TASK: If a picture appears, leave it out, and reproduce exactly the lines from the start of the listing below through the one bearing "当①口的油压克服弹簧设定压力时,油液从①口到②口流动。③口压力叠加到弹簧设".

DATA BLOCK:
== Segment start ==

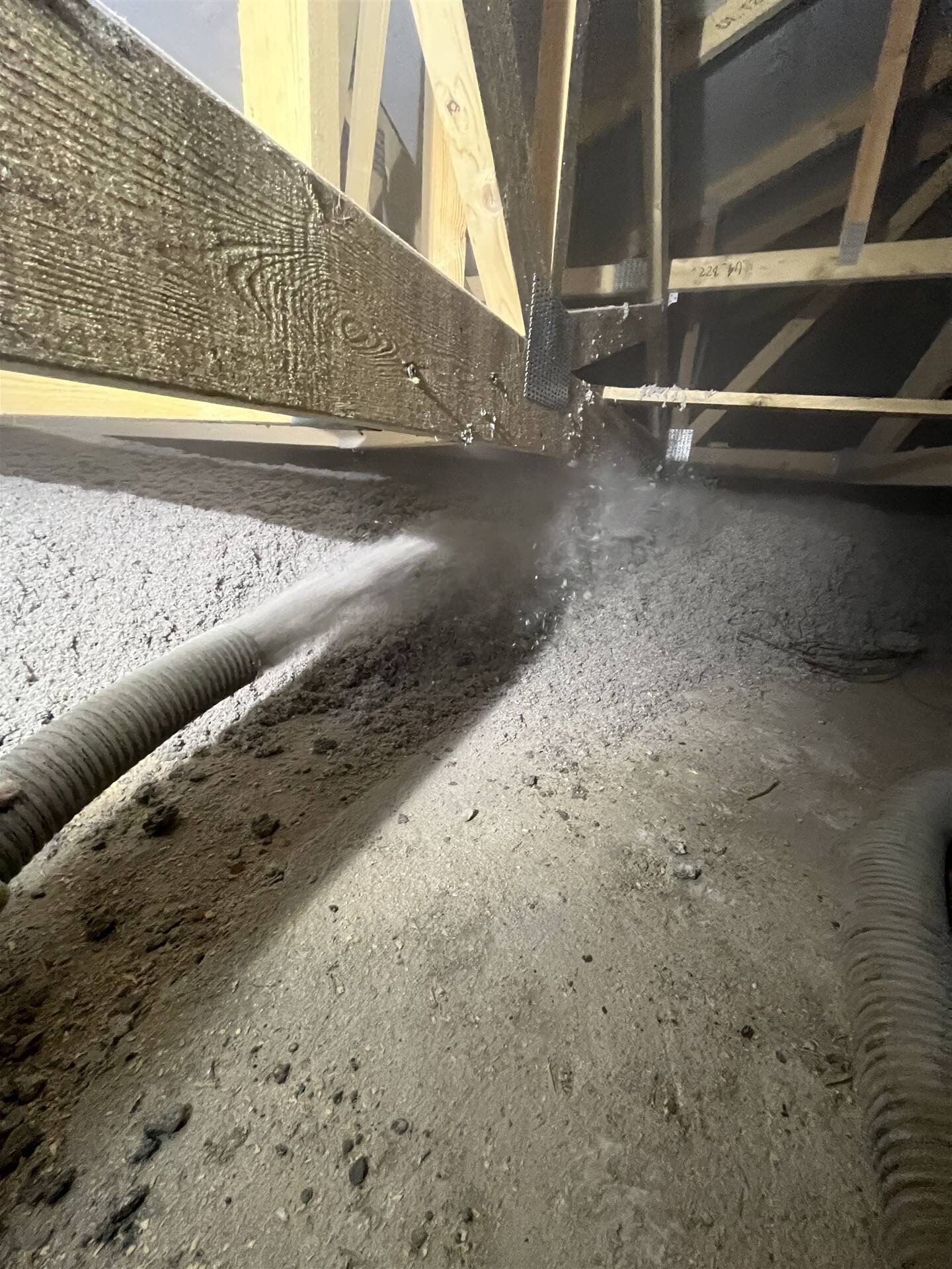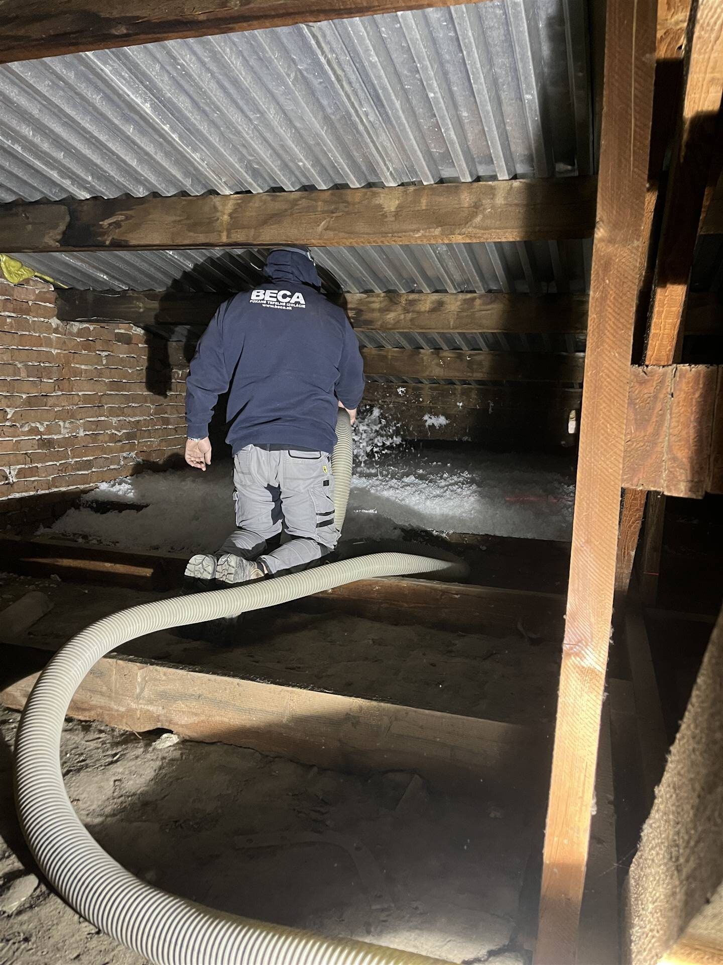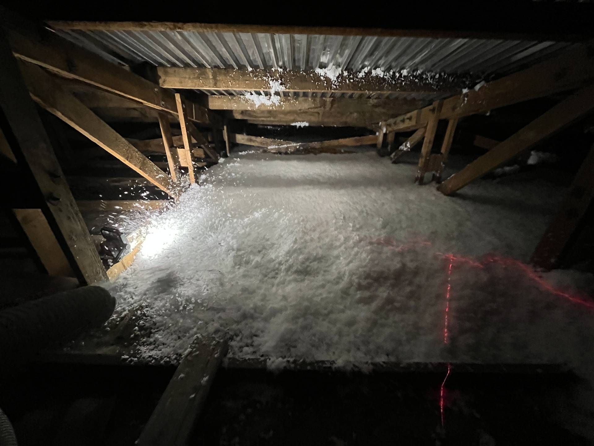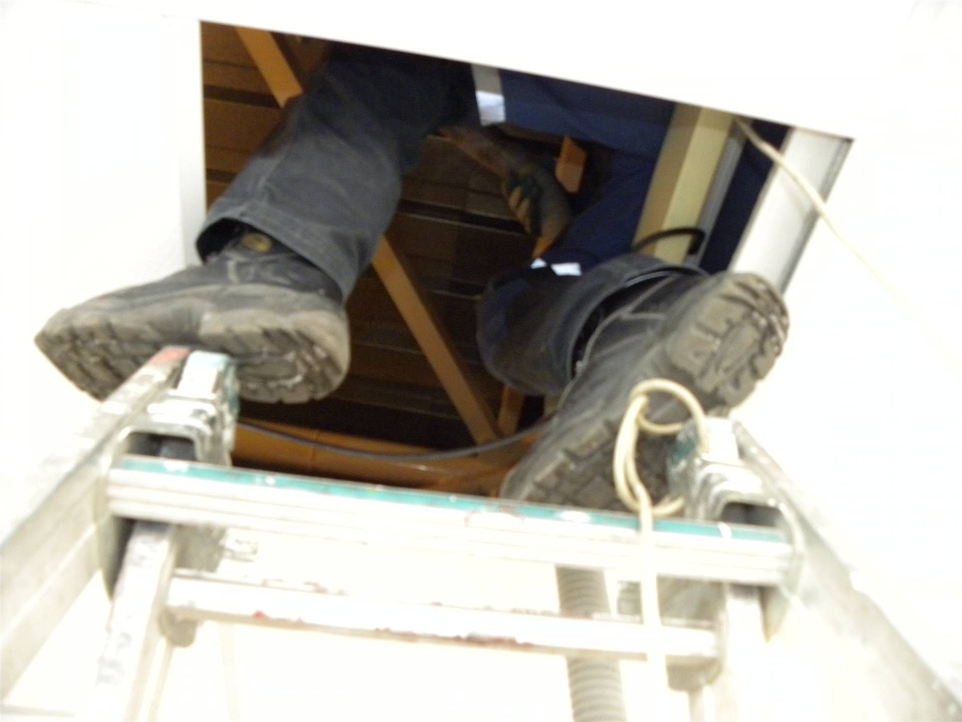 Dosť často by to ani nebolo možné, lebo takéto podhľady majú malú únosnosť „nieje jedno kde stúpite“.  Pri použití fúkanej izolácie je dopravovaný materiál po hadici. Netreba nič vynášať. Výsledná nafúkaná vrstva izolácie dokonale „bezšpárovo“ vyplní zateplovanú plochu. Takto dokážeme eliminovať všetky tepelné mosty.
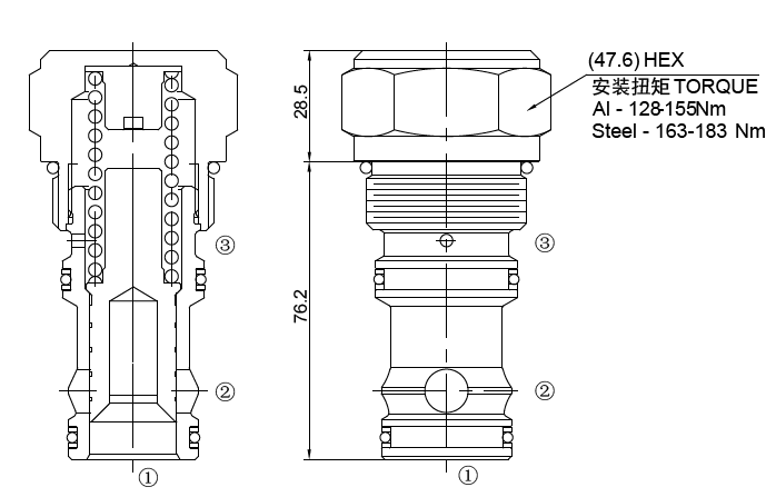 当①口的油压克服弹簧设定压力时,油液从①口到②口流动。③口压力叠加到弹簧设
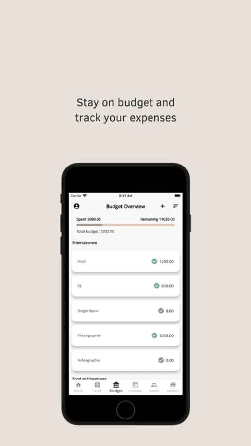 - Budget Tracker. Add all the planned expenses by category and update the status when it is paid. The expenses overview and the amount of the remaining budget help to stay on track.

== Segment end ==

RESULT:
 Dosť často by to ani nebolo možné, lebo takéto podhľady majú malú únosnosť „nieje jedno kde stúpite“.  Pri použití fúkanej izolácie je dopravovaný materiál po hadici. Netreba nič vynášať. Výsledná nafúkaná vrstva izolácie dokonale „bezšpárovo“ vyplní zateplovanú plochu. Takto dokážeme eliminovať všetky tepelné mosty.
 当①口的油压克服弹簧设定压力时,油液从①口到②口流动。③口压力叠加到弹簧设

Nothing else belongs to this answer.